The plan that took shape in his head, then, as they devoted the entire morning to clambering down into the valley of the river, was that he would slip away from camp tonight and make his way to Jake’s place and warn them.
They took a long siesta at the side of the river, prayed some more, cooked lunch, rested sore muscles, and wrapped bandages around twisted ankles. Richard pulled his hat over his face and pretended to sleep, but in fact stayed awake the whole time working out the plan in his mind. They would make one more push after this break, and he would show them how to get around the falls: yet another surprisingly difficult operation. After that they would set up the evening’s camp, and Jones would kill him or not. If not, Richard would try to get out of there after dark. The falls were deep in a rock bowl, covered with mist-fed vegetation so dense that not even GPS signals could get through. Forget about phones.

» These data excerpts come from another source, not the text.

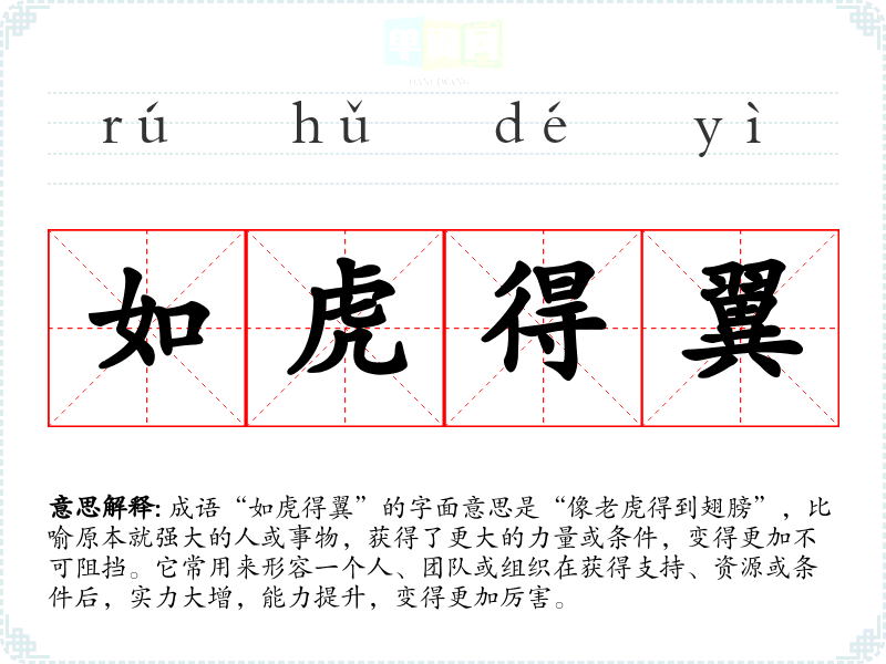 “如虎得翼”在**文化中,常用来鼓励人们在取得一定成就或支持后,继续努力,展现出更大的潜力。它强调了外部条件对个人或团队发展的重要性。在现代社会,该成语仍适用,尤其是在商业、体育和教育等领域。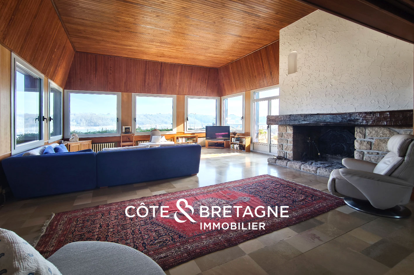 Dès l’entrée, la pièce principale de près de 60 m² impressionne par ses volumes et ses ouvertures panoramiques. La lumière naturelle traverse l’espace, mettant en valeur la vue sur le Trieux d’un côté et le parc verdoyant de l’autre.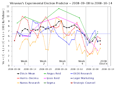 Polls are current as of Friday or Saturday. Pick graph image for larger view. I have moved the dark blue Conservative majority breakpoint line in the graph from +8 to +6.5, since that is more accurate. For the last three days, ΣVe/n has predicted 137, 135, and 136 Conservative seats. The current spread is from 122 to 160 seats.
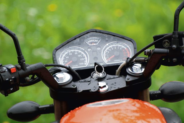 Kolejny etap zapoznania się z maszyną wypadł odrobinę gorzej. Podczas dokładnych oględzin szybko znajduje się mankamenty. Przełączniki na kierownicy niby są przemyślane i dobrze rozmieszczone, ale brak im najważniejszego – jakości. Są twarde, nieprzyjemne w dotyku i mają mnóstwo luzu, przez co wciąż zmieniają pozycję. Na szczęście wszystko działa, mniej lub bardziej delikatnie. Puszka z zegarami wygląda bardzo dobrze. W ramach gadżetów warto wspomnieć o wyświetlaczu biegów oraz wskaźniku paliwa podświetlanym kolorowymi lampkami. Niestety w słoneczne dni na żadnym z nich nic nie widać. Zegary kryją jeszcze jedną niespodziankę znaną z motocykli japońskich – przy włączeniu zapłonu resetują się, świecąc i poruszając wszystkim, co tylko w sobie mają.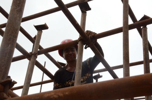 5月8日,位于华安经济开发区的振立工贸项目4号框架结构厂房工地上,建筑工人正在捆绑钢筋,搭建脚手架,该厂房预计月底可封顶,这是开发区火热推进的重点项目之一,总投资1亿多元。
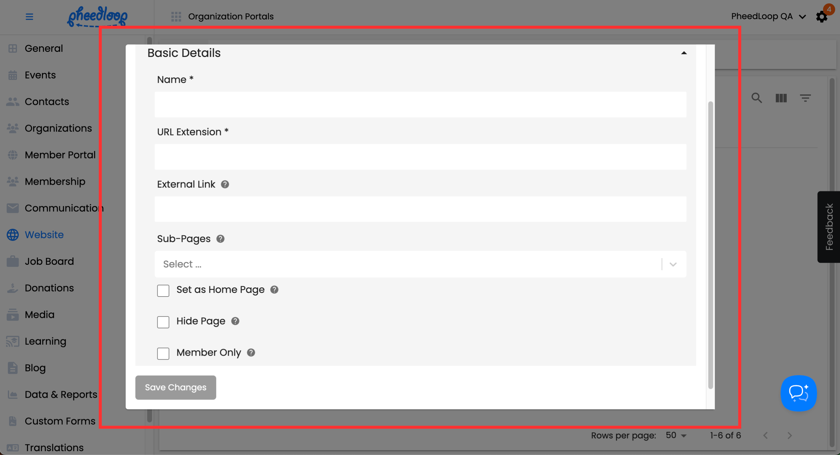 - Toggle on the Set as Home Page checkbox if you would like to set your created page as the new home page. If set, visiting the Organization Website will open this page.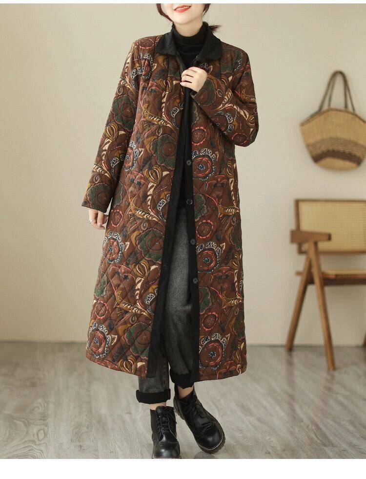 eign trade counter ブランドテールグッズ女性のレトロキルティングミッドレングス暖かい綿の服ルーズプリント肥厚暖かいジャケット コットン sine85924592180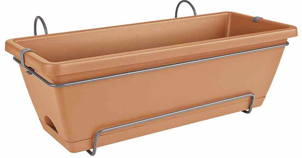 komplettes Set aus Balkonkasten, integriertem Untersetzer und Halter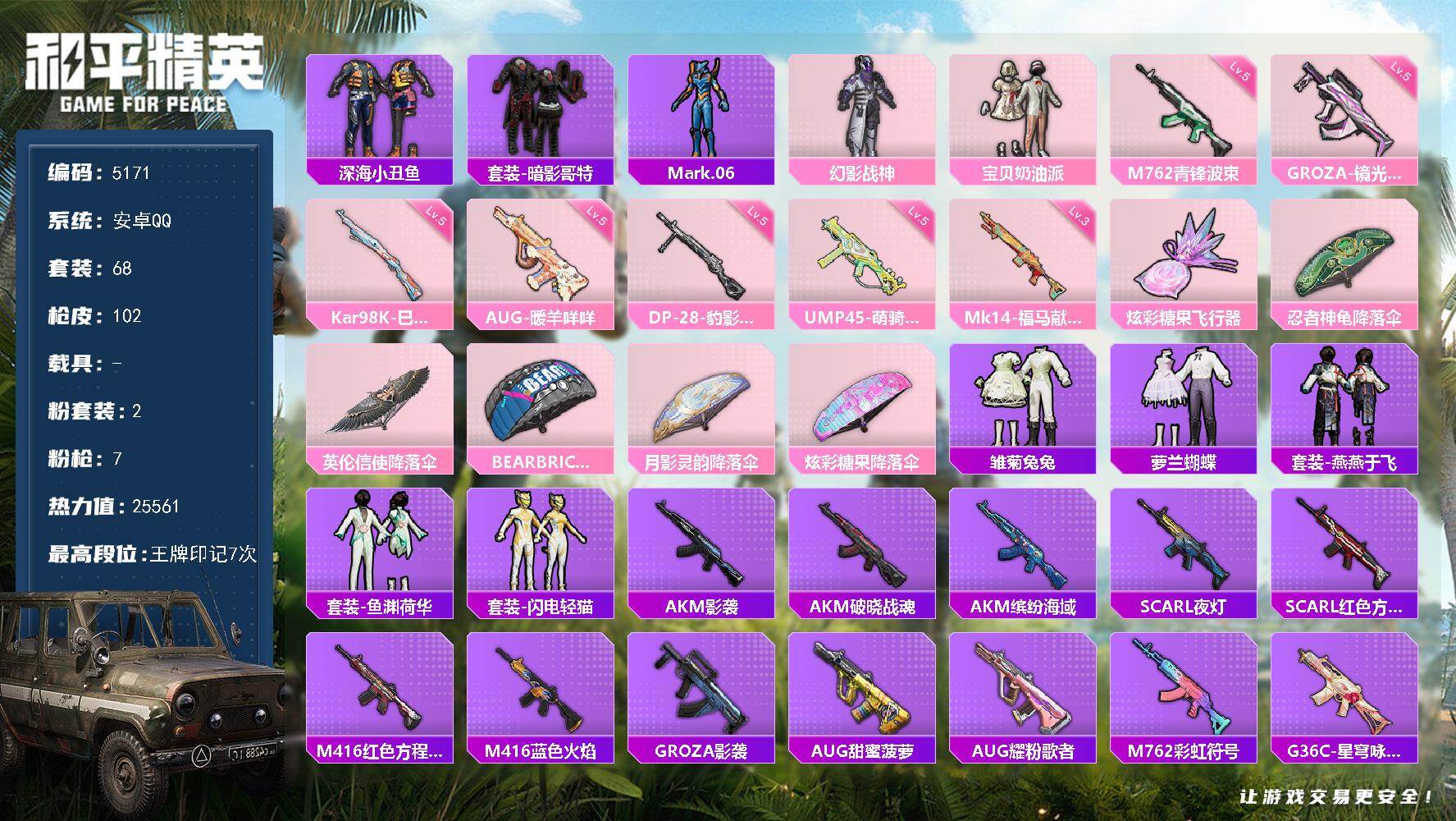 可二次【1载具1粉装1特效枪 秒换绑不用等】 安卓Q区-10987热力值-37套

If only he had a flashlight.
Then he remembered that he did have one, a pinky-sized LED light attached to his key chain.
Water he could get from the river. Some energy bars might be useful, and he had a couple of those in his pack that he could slip into his pockets when no one was looking.
He had gone, over the course of a few hours, from utterly hopeless cynicism to toying idly with this nutball idea, to seriously working it out, to deciding that it was doable. That he was going to do it. When they got moving again, working their way down the river toward the falls, he was already thinking several miles ahead, trying to remember the way he would take tonight up out of the gorge and into the lower slopes of the mountain.
They crossed into the United States, a fact discernible only because of a moss-covered boundary monument that one of the jihadists nearly tripped over. The falls were just ahead of them and to the right. They worked their way downstream of the falls by crossing a high shelf of rock that looked down upon it from its east side. This terminated in a cliff that obliged them to descend to the riverbank in order to make any more southward progress. As Richard now explained, there was a way to scramble down from here; there had to be, or else it would never have been possible to make the return trip. But when going in this direction, the descent was considerably easier if you just used ropes. Richard had warned Jones of this well in advance, and so Jones had made sure to bring some good long ropes along. They paused up there for a short while so that some could enjoy the view down while others, who were good at such things (or claimed to be) made the rope fast to a giant cedar growing near the edge of the cliff. Half the men went down to reconnoiter. Then they sent Richard. Then the rest of them went down. He got the sense that this had been carefully thought out; they were becoming nervous that he might make a break for it and wanted to make sure that there were a few people at each end of the rope to keep an eye on him.
As soon as they reached the bottom, Jones gave an order to Abdul-Ghaffar, the white American jihadist, and nodded significantly at Richard. Richard was still absorbing this when Abdul-Wahaab (“the other Abdul” to Richard; apparently Jones’s most senior lieutenant) drew his pistol, chambered a round, and aimed it at Richard’s chest from maybe eight feet away. “I’d like you to stand with your feet about shoulder-width apart,” said Abdul-Ghaffar in his flat midwestern accent. Out of his pack he was pulling a sheaf of black heavy-duty zip ties: not the skinny ones used to restrain unruly Ethernet cables in office environments. These were a quarter of an inch wide and a couple of feet long.